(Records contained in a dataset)
---

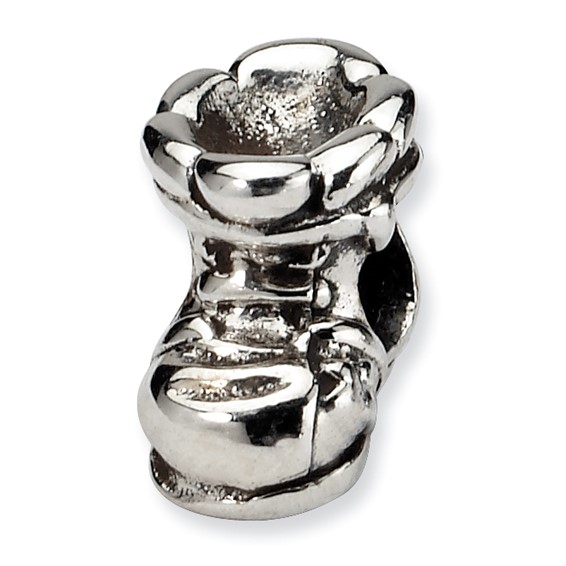 This kid's shoe bead is suited for children's bracelets and is made of antiqued, solid sterling silver. Intended for ages 4 and up. Imported.
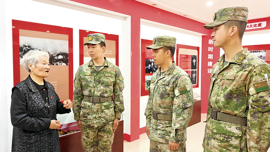 ▲李家發(fā)的妹妹李家英給某部“紅一連”官兵講述哥哥的英雄事跡?!∽髡吖﹫D
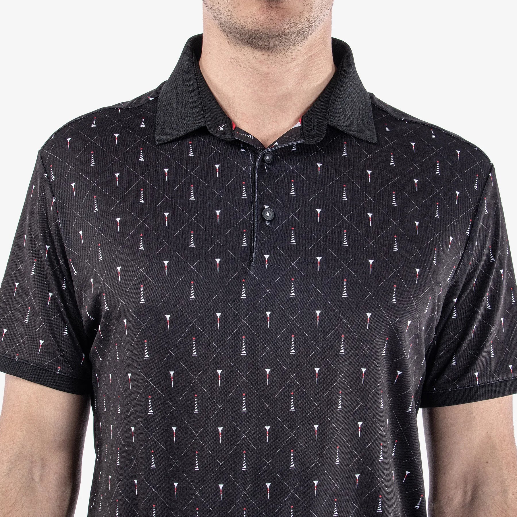 Manolo is a Breathable short sleeve golf shirt for Men in the color Black/White/Red(3)
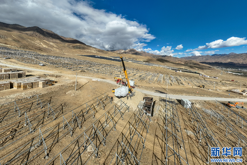 在建設(shè)中的110千伏協(xié)合措美縣20(MW)并網(wǎng)光伏電站項(xiàng)目(無人機(jī)照片)。新華網(wǎng) 旦增努布 攝
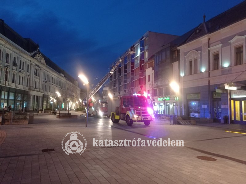 Nyíregyházi, belvárosi épület homlokzati dekorációját megbontotta az erős szél, ami veszélyt jelentett a járókelőkre hétfőn. A szabolcsi megyeszékhely hivatásos tűzoltói létrás jármű segítségével távolították el a lógó részeket.

---

#### PROBLEM TO SOLVE
Without changing a word, retype every entry above, but drop its pictures.

#### SOLUTION TO THE EXERCISE
 This kid's shoe bead is suited for children's bracelets and is made of antiqued, solid sterling silver. Intended for ages 4 and up. Imported.
 ▲李家發(fā)的妹妹李家英給某部“紅一連”官兵講述哥哥的英雄事跡?!∽髡吖﹫D
 Manolo is a Breathable short sleeve golf shirt for Men in the color Black/White/Red(3)
 在建設(shè)中的110千伏協(xié)合措美縣20(MW)并網(wǎng)光伏電站項(xiàng)目(無人機(jī)照片)。新華網(wǎng) 旦增努布 攝
 Nyíregyházi, belvárosi épület homlokzati dekorációját megbontotta az erős szél, ami veszélyt jelentett a járókelőkre hétfőn. A szabolcsi megyeszékhely hivatásos tűzoltói létrás jármű segítségével távolították el a lógó részeket.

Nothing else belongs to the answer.